Content starts
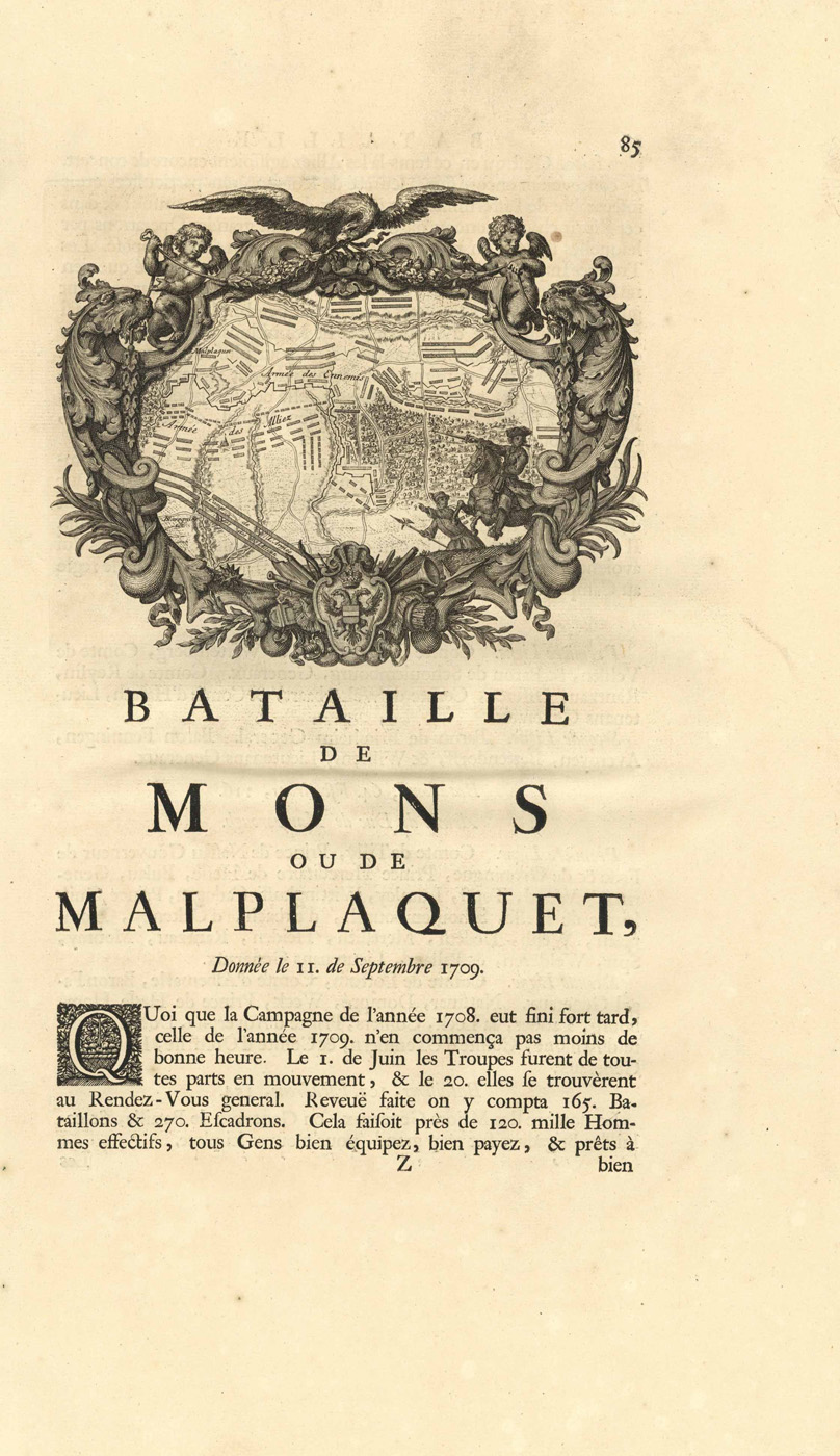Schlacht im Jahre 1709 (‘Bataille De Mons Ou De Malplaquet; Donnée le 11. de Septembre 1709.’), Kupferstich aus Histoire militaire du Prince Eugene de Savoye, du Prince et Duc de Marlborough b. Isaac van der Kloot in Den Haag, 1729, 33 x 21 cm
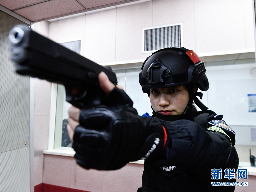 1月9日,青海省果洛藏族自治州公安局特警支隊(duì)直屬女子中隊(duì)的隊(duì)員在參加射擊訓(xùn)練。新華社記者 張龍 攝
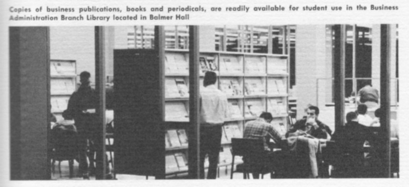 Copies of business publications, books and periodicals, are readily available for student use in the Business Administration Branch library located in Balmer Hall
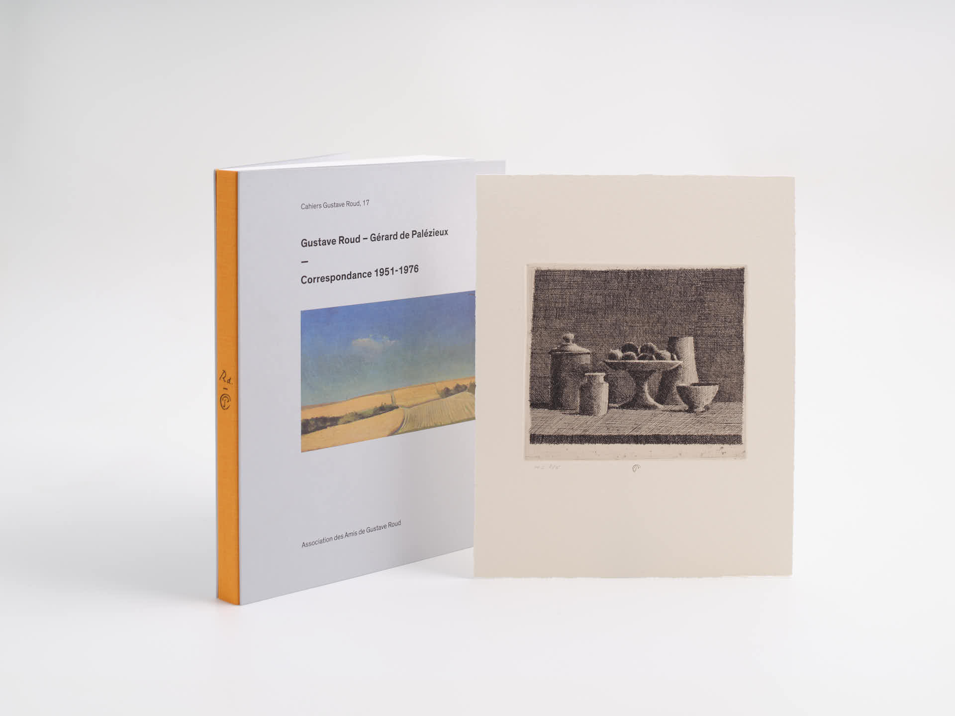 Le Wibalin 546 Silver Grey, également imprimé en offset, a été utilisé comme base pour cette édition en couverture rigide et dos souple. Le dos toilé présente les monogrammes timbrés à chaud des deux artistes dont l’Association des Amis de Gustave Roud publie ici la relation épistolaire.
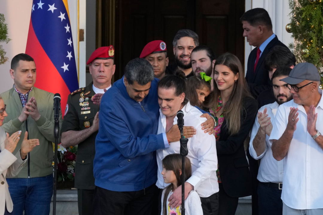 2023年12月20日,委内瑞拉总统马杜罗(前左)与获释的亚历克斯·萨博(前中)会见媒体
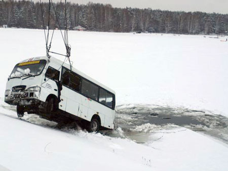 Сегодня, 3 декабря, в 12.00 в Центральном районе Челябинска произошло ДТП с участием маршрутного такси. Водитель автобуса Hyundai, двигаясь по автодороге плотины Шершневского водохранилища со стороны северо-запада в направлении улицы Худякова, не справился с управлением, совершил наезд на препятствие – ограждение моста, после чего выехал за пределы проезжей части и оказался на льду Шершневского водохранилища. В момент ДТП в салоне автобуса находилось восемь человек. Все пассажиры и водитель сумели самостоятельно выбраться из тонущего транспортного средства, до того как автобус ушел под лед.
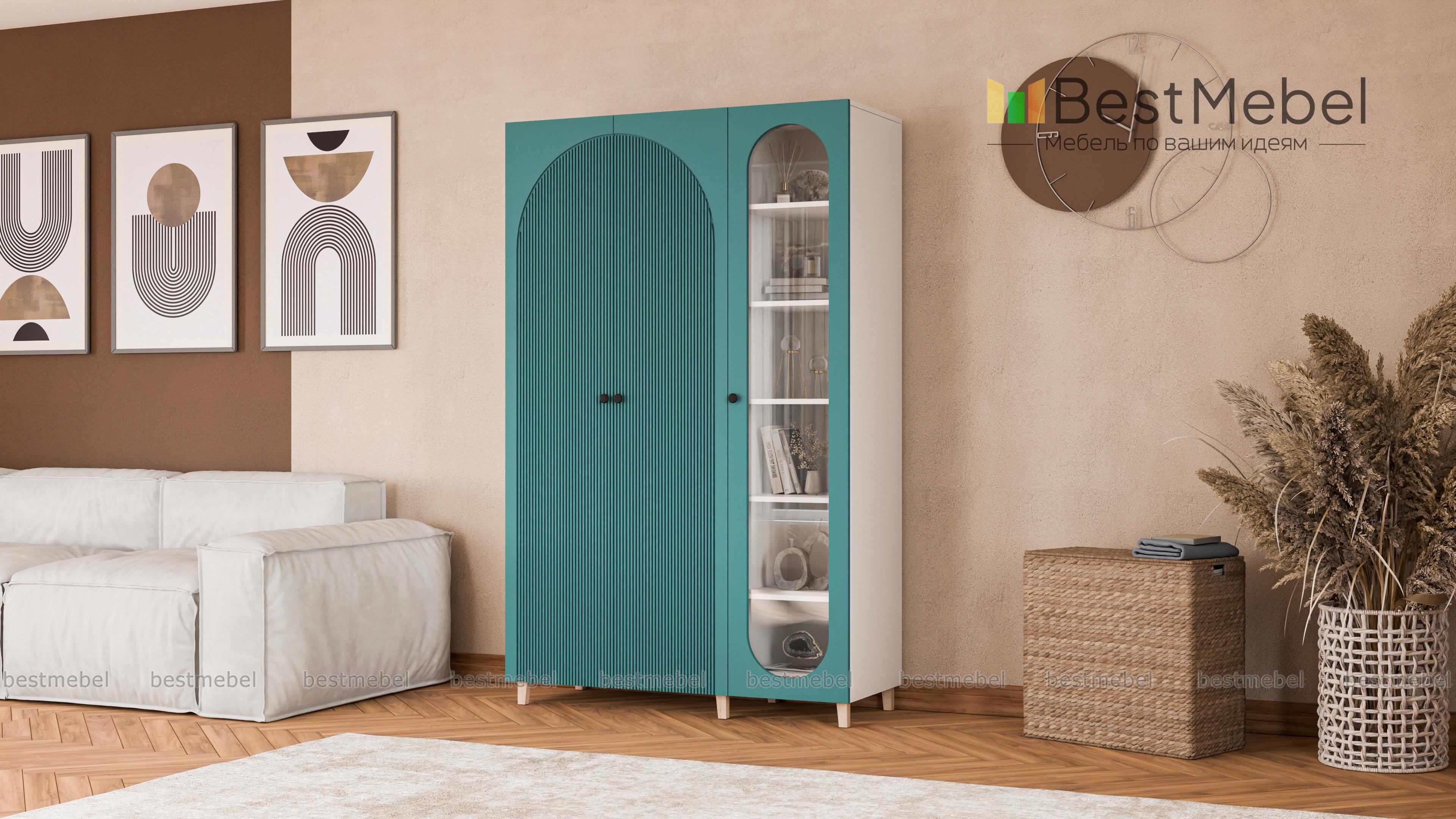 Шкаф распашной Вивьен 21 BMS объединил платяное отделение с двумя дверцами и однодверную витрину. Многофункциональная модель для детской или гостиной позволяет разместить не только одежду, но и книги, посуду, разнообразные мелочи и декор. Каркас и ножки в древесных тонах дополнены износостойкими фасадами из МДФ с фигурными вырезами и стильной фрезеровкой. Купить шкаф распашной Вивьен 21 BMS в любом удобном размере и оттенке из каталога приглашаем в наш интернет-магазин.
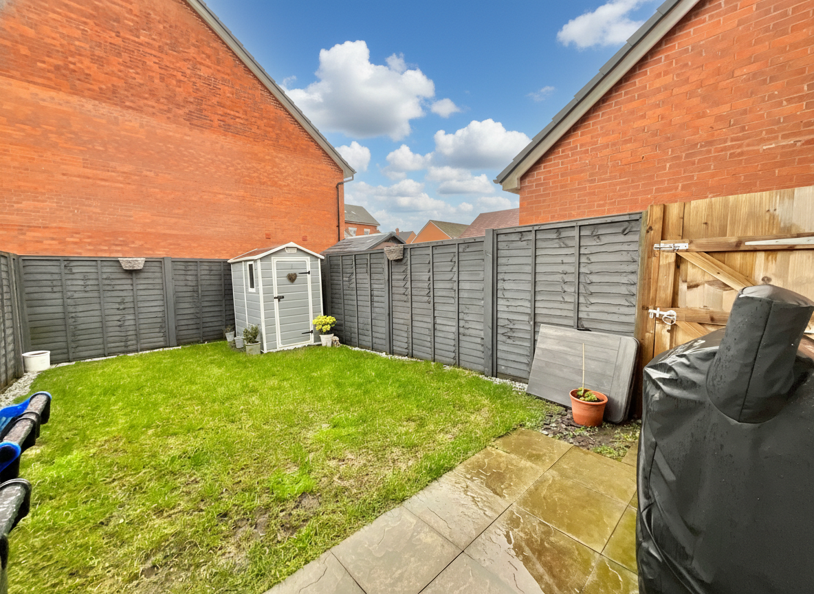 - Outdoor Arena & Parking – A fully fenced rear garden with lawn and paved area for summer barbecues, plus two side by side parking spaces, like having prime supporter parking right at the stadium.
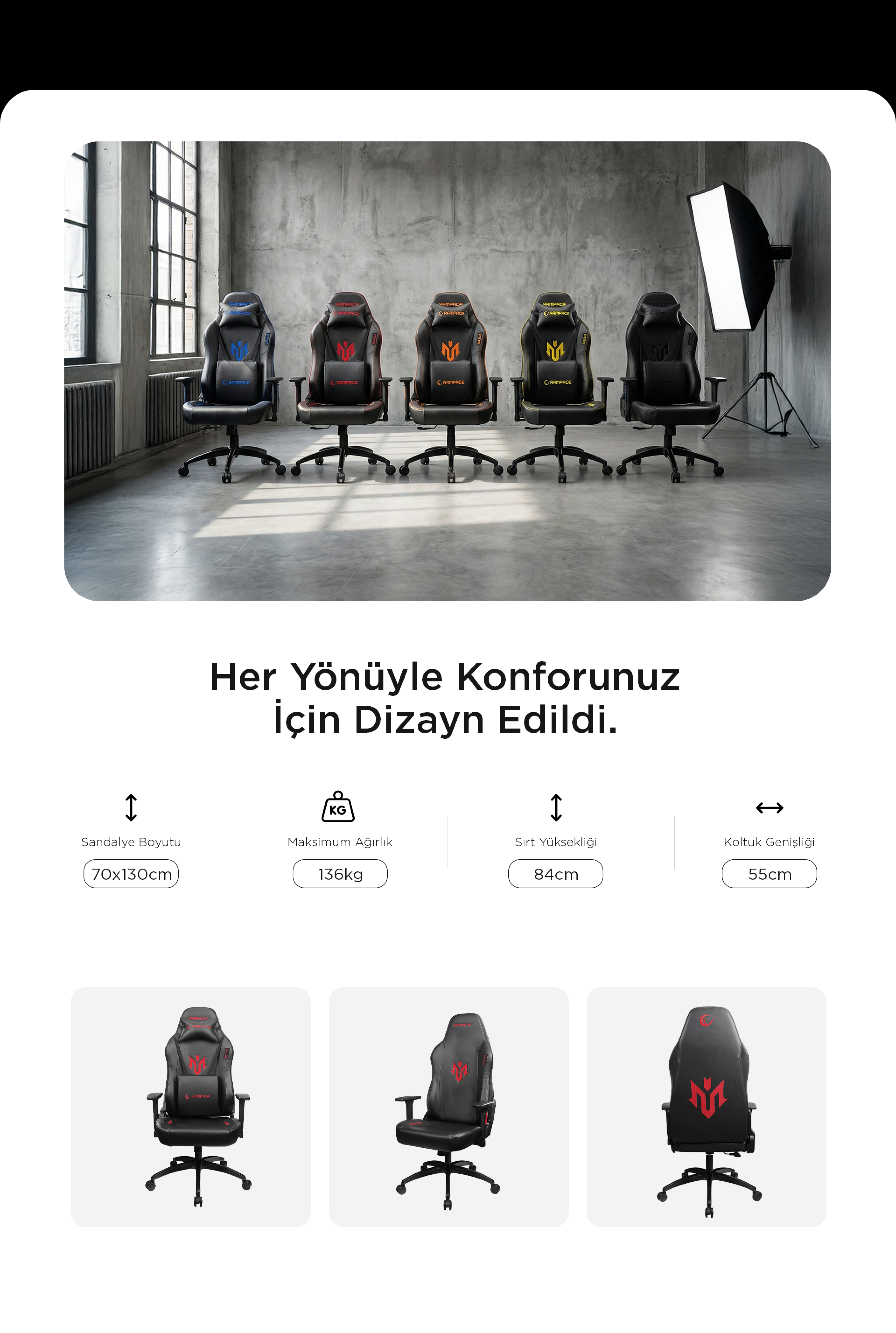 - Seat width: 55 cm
Content ends
◆ YOUR OBJECTIVE:
Each line above has to be returned exactly. Drop the pictures.

◆ FINISHED TASK:
Schlacht im Jahre 1709 (‘Bataille De Mons Ou De Malplaquet; Donnée le 11. de Septembre 1709.’), Kupferstich aus Histoire militaire du Prince Eugene de Savoye, du Prince et Duc de Marlborough b. Isaac van der Kloot in Den Haag, 1729, 33 x 21 cm
 1月9日,青海省果洛藏族自治州公安局特警支隊(duì)直屬女子中隊(duì)的隊(duì)員在參加射擊訓(xùn)練。新華社記者 張龍 攝
 Copies of business publications, books and periodicals, are readily available for student use in the Business Administration Branch library located in Balmer Hall
 Le Wibalin 546 Silver Grey, également imprimé en offset, a été utilisé comme base pour cette édition en couverture rigide et dos souple. Le dos toilé présente les monogrammes timbrés à chaud des deux artistes dont l’Association des Amis de Gustave Roud publie ici la relation épistolaire.
 2023年12月20日,委内瑞拉总统马杜罗(前左)与获释的亚历克斯·萨博(前中)会见媒体
 Сегодня, 3 декабря, в 12.00 в Центральном районе Челябинска произошло ДТП с участием маршрутного такси. Водитель автобуса Hyundai, двигаясь по автодороге плотины Шершневского водохранилища со стороны северо-запада в направлении улицы Худякова, не справился с управлением, совершил наезд на препятствие – ограждение моста, после чего выехал за пределы проезжей части и оказался на льду Шершневского водохранилища. В момент ДТП в салоне автобуса находилось восемь человек. Все пассажиры и водитель сумели самостоятельно выбраться из тонущего транспортного средства, до того как автобус ушел под лед.
 Шкаф распашной Вивьен 21 BMS объединил платяное отделение с двумя дверцами и однодверную витрину. Многофункциональная модель для детской или гостиной позволяет разместить не только одежду, но и книги, посуду, разнообразные мелочи и декор. Каркас и ножки в древесных тонах дополнены износостойкими фасадами из МДФ с фигурными вырезами и стильной фрезеровкой. Купить шкаф распашной Вивьен 21 BMS в любом удобном размере и оттенке из каталога приглашаем в наш интернет-магазин.
 - Outdoor Arena & Parking – A fully fenced rear garden with lawn and paved area for summer barbecues, plus two side by side parking spaces, like having prime supporter parking right at the stadium.
 - Seat width: 55 cm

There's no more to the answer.